Records to process: Begin
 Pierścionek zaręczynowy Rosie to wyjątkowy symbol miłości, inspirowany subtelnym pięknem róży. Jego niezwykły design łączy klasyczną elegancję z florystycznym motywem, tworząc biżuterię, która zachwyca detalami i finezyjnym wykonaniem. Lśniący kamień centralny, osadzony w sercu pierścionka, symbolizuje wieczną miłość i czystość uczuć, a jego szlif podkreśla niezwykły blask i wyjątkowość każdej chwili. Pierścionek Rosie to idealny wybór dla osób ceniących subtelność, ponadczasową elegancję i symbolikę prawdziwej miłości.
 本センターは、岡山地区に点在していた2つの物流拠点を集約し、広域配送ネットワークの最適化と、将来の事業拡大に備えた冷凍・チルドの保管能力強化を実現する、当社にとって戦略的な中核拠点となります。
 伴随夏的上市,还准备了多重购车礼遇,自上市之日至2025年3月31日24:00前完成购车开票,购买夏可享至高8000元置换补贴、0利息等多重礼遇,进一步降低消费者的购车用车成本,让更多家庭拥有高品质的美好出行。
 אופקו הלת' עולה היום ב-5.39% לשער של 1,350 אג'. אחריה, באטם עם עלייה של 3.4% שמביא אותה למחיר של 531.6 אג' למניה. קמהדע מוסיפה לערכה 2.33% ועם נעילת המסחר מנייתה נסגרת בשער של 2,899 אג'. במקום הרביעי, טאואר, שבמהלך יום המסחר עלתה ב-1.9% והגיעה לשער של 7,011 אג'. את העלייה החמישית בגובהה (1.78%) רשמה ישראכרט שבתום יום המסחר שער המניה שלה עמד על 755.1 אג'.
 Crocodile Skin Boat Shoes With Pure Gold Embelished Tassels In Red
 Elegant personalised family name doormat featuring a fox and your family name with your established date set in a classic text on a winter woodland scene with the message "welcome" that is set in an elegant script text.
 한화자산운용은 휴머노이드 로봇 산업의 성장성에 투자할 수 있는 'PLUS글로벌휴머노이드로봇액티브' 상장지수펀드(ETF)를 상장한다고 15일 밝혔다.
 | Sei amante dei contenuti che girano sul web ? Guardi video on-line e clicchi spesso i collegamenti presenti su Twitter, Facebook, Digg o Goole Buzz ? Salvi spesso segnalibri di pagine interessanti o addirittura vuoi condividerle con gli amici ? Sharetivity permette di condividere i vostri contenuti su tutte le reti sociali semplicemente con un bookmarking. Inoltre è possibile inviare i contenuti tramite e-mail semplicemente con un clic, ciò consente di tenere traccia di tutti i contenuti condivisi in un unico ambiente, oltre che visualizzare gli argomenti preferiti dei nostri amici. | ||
Records to process: End
Records to process: Begin
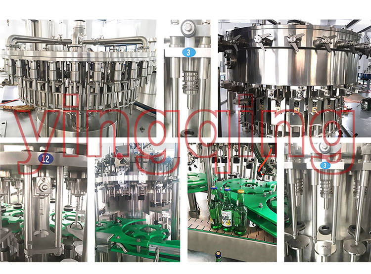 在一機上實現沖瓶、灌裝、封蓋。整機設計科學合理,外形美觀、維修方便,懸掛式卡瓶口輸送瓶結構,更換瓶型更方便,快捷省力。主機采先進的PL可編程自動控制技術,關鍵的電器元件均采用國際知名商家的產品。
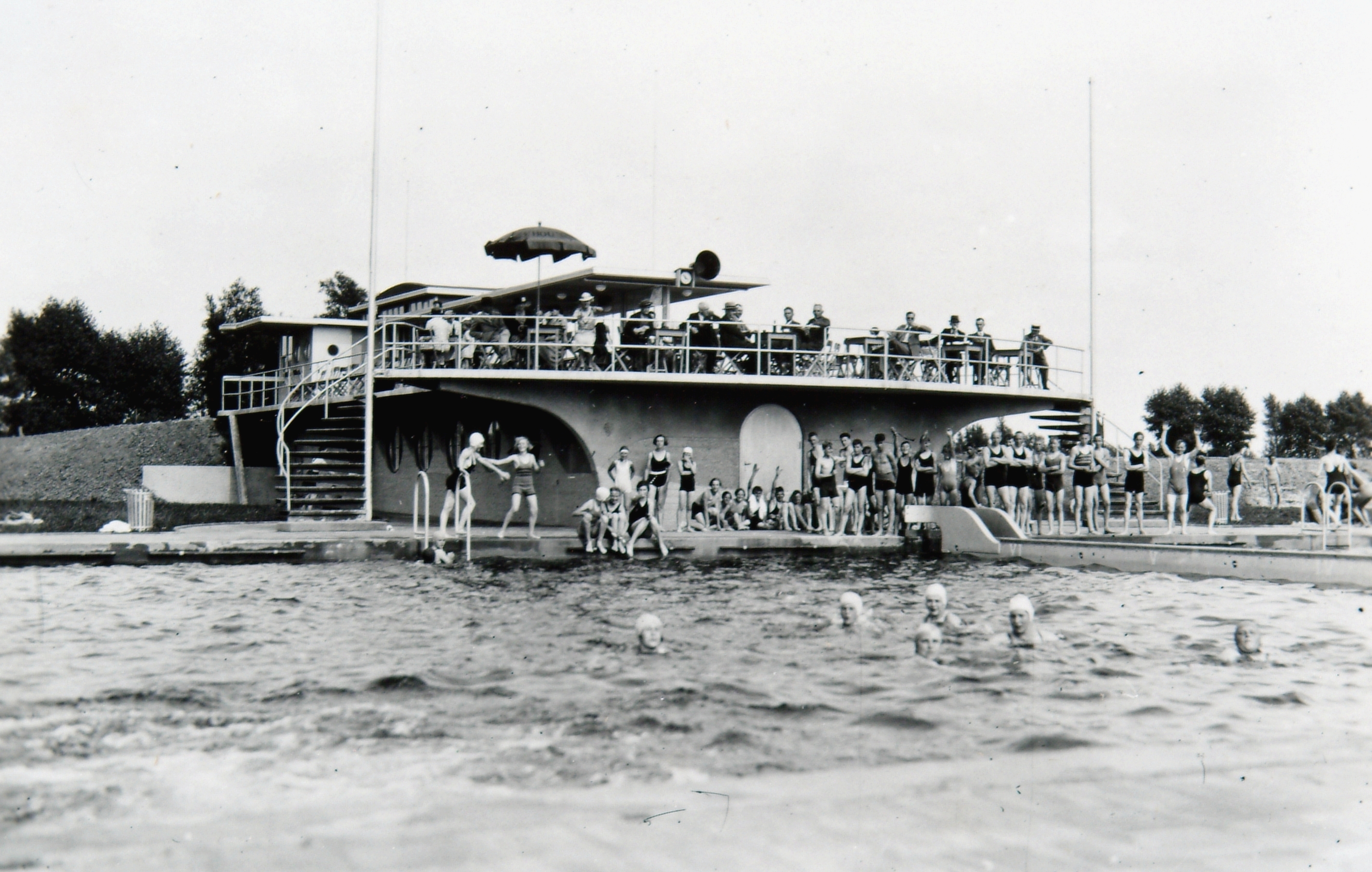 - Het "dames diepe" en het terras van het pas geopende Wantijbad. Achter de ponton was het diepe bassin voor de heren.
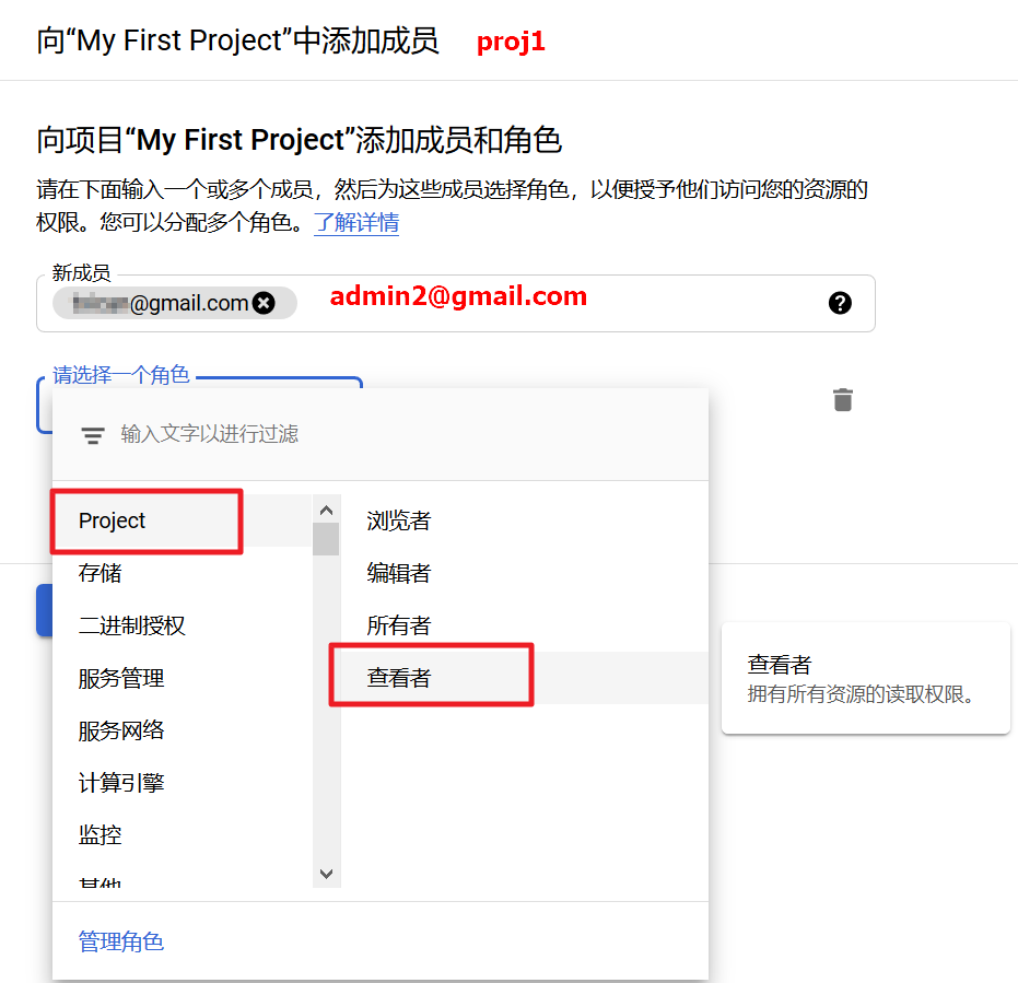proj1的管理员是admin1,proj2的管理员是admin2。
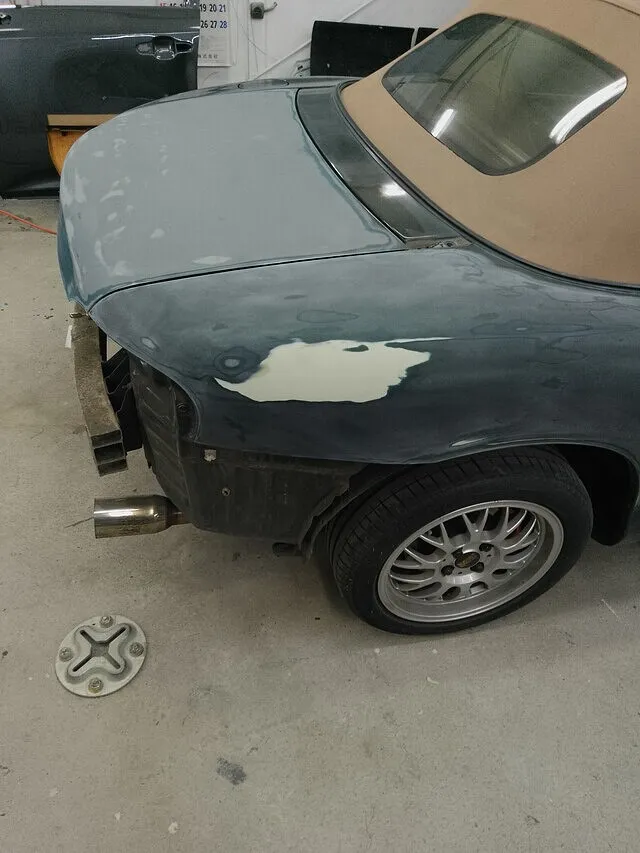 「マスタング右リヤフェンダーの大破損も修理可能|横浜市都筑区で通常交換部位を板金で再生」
Records to process: End
#### [Your objective]
Of the entries above, repeat exactly the lines between the line with "Elegant personalised family" and the line with "한화자산운용은 휴머노이드 로봇", inclusive, and no others.

#### [Result]
 Elegant personalised family name doormat featuring a fox and your family name with your established date set in a classic text on a winter woodland scene with the message "welcome" that is set in an elegant script text.
 한화자산운용은 휴머노이드 로봇 산업의 성장성에 투자할 수 있는 'PLUS글로벌휴머노이드로봇액티브' 상장지수펀드(ETF)를 상장한다고 15일 밝혔다.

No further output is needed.